Lecture 9: Four Ways to Solve Least Squares Problems
Overview
This lecture presents four methods for solving least squares problems \(Ax = b\) when \(A\) has no inverse, exploring the connections between pseudo-inverse, normal equations, and projection geometry.
Projection Matrices
Understanding projections is key to least squares:
- \(A^+A\): Projection onto row space \(C(A^T)\)
- If \(x\) is in the row space, we get \(x\) back
- If \(x\) is in the null space, it gets mapped to \(0\)
- \(AA^+\): Projection onto column space \(C(A)\)
- Projects vectors onto the column space of \(A\)
Figure: The four fundamental subspaces and how projection matrices \(A^+A\) and \(AA^+\) map between them.
Method 1: Pseudo-Inverse
Using the SVD decomposition \(A = U\Sigma V^T\):
For invertible matrices: \[A^{-1} = V\Sigma^{-1}U^T\]

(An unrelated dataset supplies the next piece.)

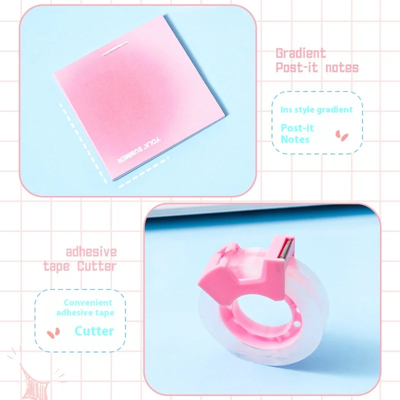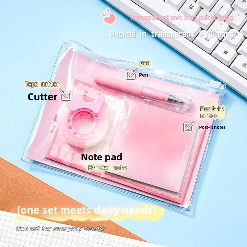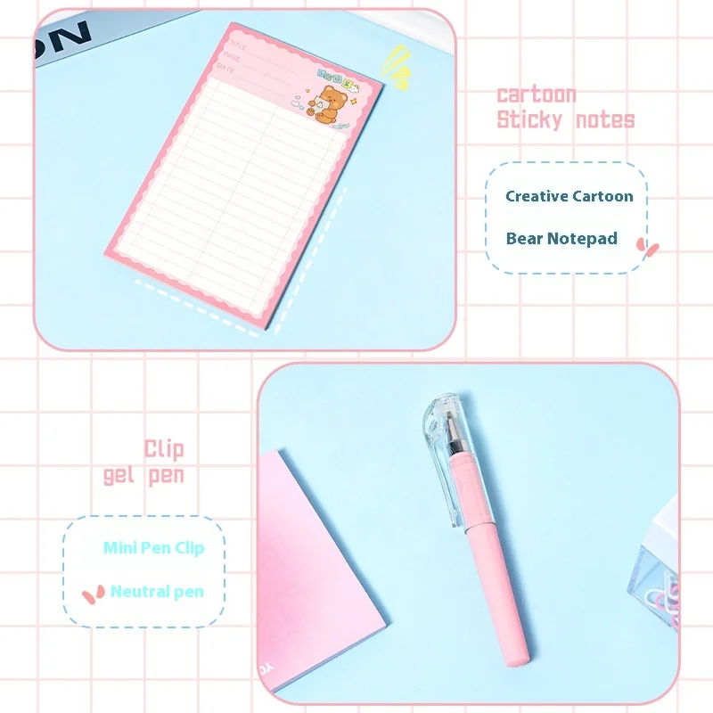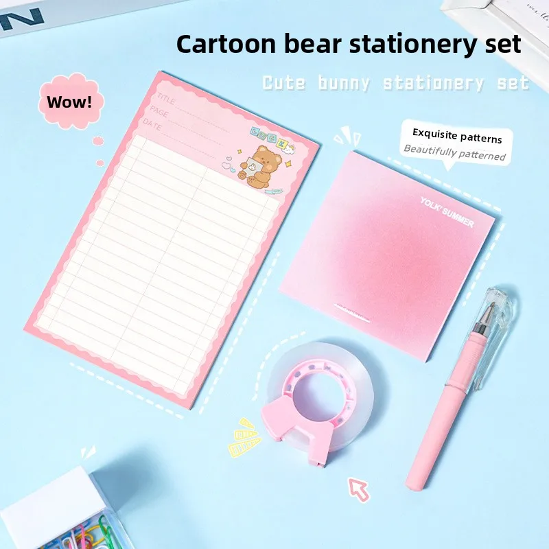 Cartoon-Themed Student Back-to-School Set High-Value Pink Stationery Sticky Notes Notebook Black Pen 0.5mm Writing Wholesale

For non-invertible matrices: \[A^+ = V\Sigma^+ U^T\]
where \(\Sigma^+\) inverts only the non-zero singular values:
\[ \Sigma^+ = \begin{bmatrix} \frac{1}{\sigma_1} & 0 & \cdots & 0 \\ 0 & \frac{1}{\sigma_2} & \cdots & 0 \\ \vdots & \vdots & \ddots & \vdots \end{bmatrix} \]
Solution: \(\hat{x} = A^+ b\)
Method 2: Normal Equations
Solve \(A^T A \hat{x} = A^T b\) when \(A\) is \(m \times n\) with rank \(r\).
Linear Regression Example
Given data points \((x_1, y_1), (x_2, y_2), \ldots, (x_m, y_m)\), we want to find \(C, D\) such that:
\[C + Dx \approx y\]
Build the matrix: \[A = \begin{bmatrix} 1 & x_1 \\ 1 & x_2 \\ \vdots & \vdots \\ 1 & x_m \end{bmatrix}, \quad A\begin{bmatrix}C \\ D\end{bmatrix} = C\begin{bmatrix}1 \\ 1 \\ \vdots \\ 1\end{bmatrix} + D\begin{bmatrix}x_1 \\ x_2 \\ \vdots \\ x_m\end{bmatrix} \]
Figure: Setting up the least squares problem for linear regression—finding the line that best fits the data points.
Three Approaches to the Solution
1. Algebraic Approach
Minimize \(\|Ax - b\|_2^2\):
\[ \|Ax - b\|_2^2 = (Ax - b)^T(Ax - b) = x^T A^T A x - 2x^T A^T b + b^T b \]
Gradient: \[\nabla_x \|Ax - b\|_2^2 = 2A^T A x - 2A^T b\]
Setting gradient to zero: \[A^T A \hat{x} = A^T b\]
2. Geometric Approach
- The vector \(Ax\) always lies in the column space \(C(A)\)
- In general, \(b \notin C(A)\), so \(Ax = b\) has no exact solution
- The least-squares solution \(\hat{x}\) satisfies: \(A\hat{x} = P_{C(A)} b\)
- i.e., the orthogonal projection of \(b\) onto the column space of \(A\)
- This projection condition is equivalent to: \(A^T(A\hat{x} - b) = 0\)
- Hence the normal equation: \(A^T A \hat{x} = A^T b\)
Figure: Geometric view of least squares—projecting \(b\) onto the column space of \(A\) to find the closest solution \(A\hat{x}\).
3. Connection to Pseudo-Inverse
When \(A^T A\) is invertible:
\[A^+ = V\Sigma^{-1}U^T = (A^T A)^{-1}A^T\]
The pseudo-inverse \((A^T A)^{-1}A^T\) is the left inverse because: \[(A^T A)^{-1}A^T \cdot A = I_n\]
Therefore: \[\hat{x} = A^+ b = (A^T A)^{-1}A^T b\]
This shows that the pseudo-inverse method and normal equations give the same solution!
Figure: Summary of four equivalent ways to solve least squares problems, all converging to the same optimal solution.
Key Insights
Multiple perspectives, same solution: The pseudo-inverse, normal equations, algebraic minimization, and geometric projection all lead to the same least-squares solution.
When \(A^T A\) is invertible: \(\hat{x} = (A^T A)^{-1}A^T b\) provides a closed-form solution.
Projection interpretation: Least squares finds the point in \(C(A)\) closest to \(b\)—this is the fundamental geometric insight.
Pseudo-inverse generalizes inversion: \(A^+ = V\Sigma^+ U^T\) extends matrix inversion to non-invertible matrices by inverting only non-zero singular values.